### The problem
Please retype every record exactly as it appears, omitting the pictures.

─── Records provided

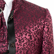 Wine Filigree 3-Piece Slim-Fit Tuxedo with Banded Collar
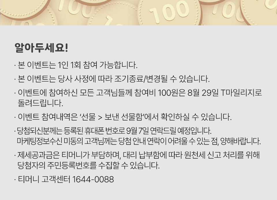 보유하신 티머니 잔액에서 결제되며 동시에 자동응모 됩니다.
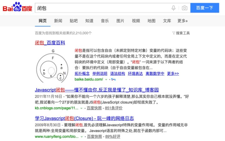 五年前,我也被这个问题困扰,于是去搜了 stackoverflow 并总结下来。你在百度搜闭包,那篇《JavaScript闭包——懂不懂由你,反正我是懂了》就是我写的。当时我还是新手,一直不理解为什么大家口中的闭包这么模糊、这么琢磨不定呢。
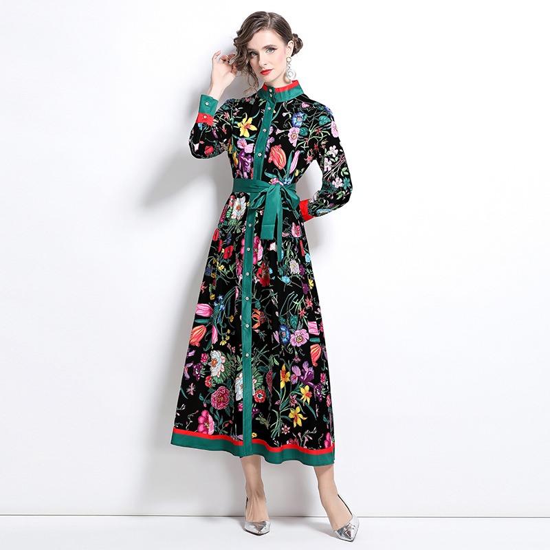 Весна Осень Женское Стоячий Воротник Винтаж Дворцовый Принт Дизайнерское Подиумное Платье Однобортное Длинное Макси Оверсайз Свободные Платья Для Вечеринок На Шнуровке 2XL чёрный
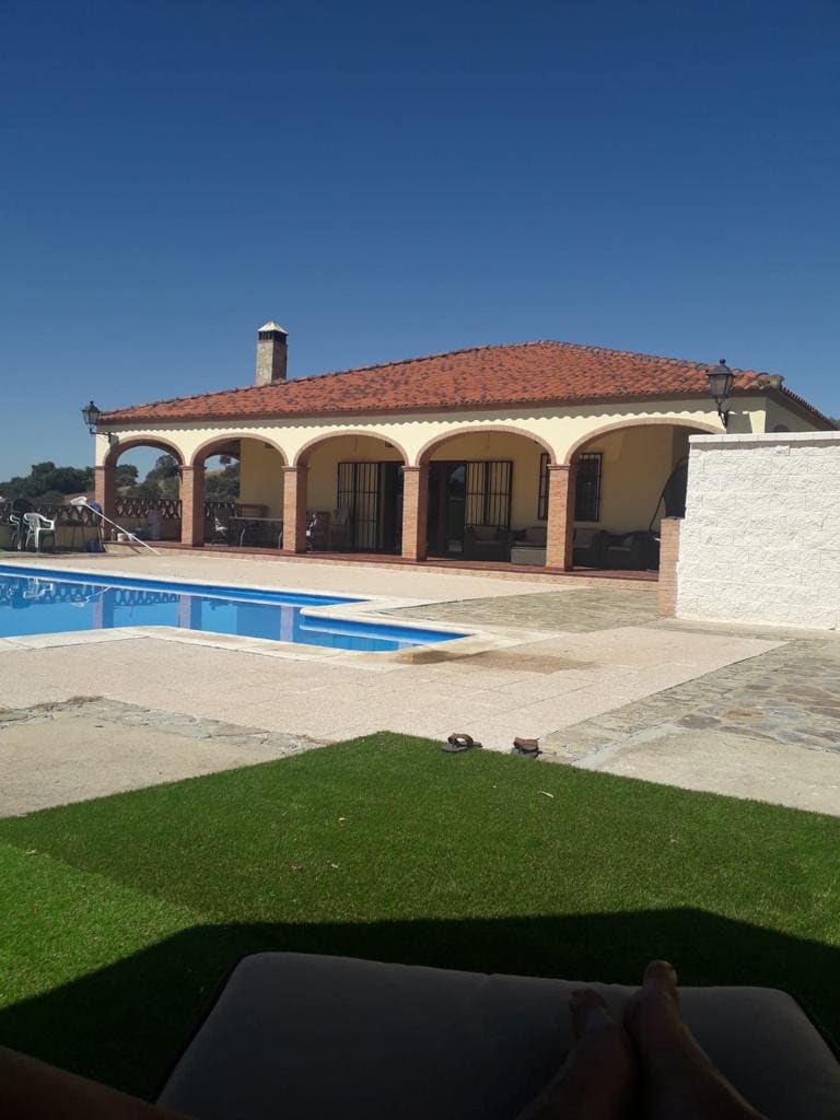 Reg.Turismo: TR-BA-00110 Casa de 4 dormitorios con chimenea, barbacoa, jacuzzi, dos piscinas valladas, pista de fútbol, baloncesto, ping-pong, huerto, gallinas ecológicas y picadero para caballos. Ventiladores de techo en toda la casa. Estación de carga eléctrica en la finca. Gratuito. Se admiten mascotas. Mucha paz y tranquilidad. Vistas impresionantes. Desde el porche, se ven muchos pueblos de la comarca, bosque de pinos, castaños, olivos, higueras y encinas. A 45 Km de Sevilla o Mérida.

──────

### Result of the task
 Wine Filigree 3-Piece Slim-Fit Tuxedo with Banded Collar
 보유하신 티머니 잔액에서 결제되며 동시에 자동응모 됩니다.
 五年前,我也被这个问题困扰,于是去搜了 stackoverflow 并总结下来。你在百度搜闭包,那篇《JavaScript闭包——懂不懂由你,反正我是懂了》就是我写的。当时我还是新手,一直不理解为什么大家口中的闭包这么模糊、这么琢磨不定呢。
 Весна Осень Женское Стоячий Воротник Винтаж Дворцовый Принт Дизайнерское Подиумное Платье Однобортное Длинное Макси Оверсайз Свободные Платья Для Вечеринок На Шнуровке 2XL чёрный
 Reg.Turismo: TR-BA-00110 Casa de 4 dormitorios con chimenea, barbacoa, jacuzzi, dos piscinas valladas, pista de fútbol, baloncesto, ping-pong, huerto, gallinas ecológicas y picadero para caballos. Ventiladores de techo en toda la casa. Estación de carga eléctrica en la finca. Gratuito. Se admiten mascotas. Mucha paz y tranquilidad. Vistas impresionantes. Desde el porche, se ven muchos pueblos de la comarca, bosque de pinos, castaños, olivos, higueras y encinas. A 45 Km de Sevilla o Mérida.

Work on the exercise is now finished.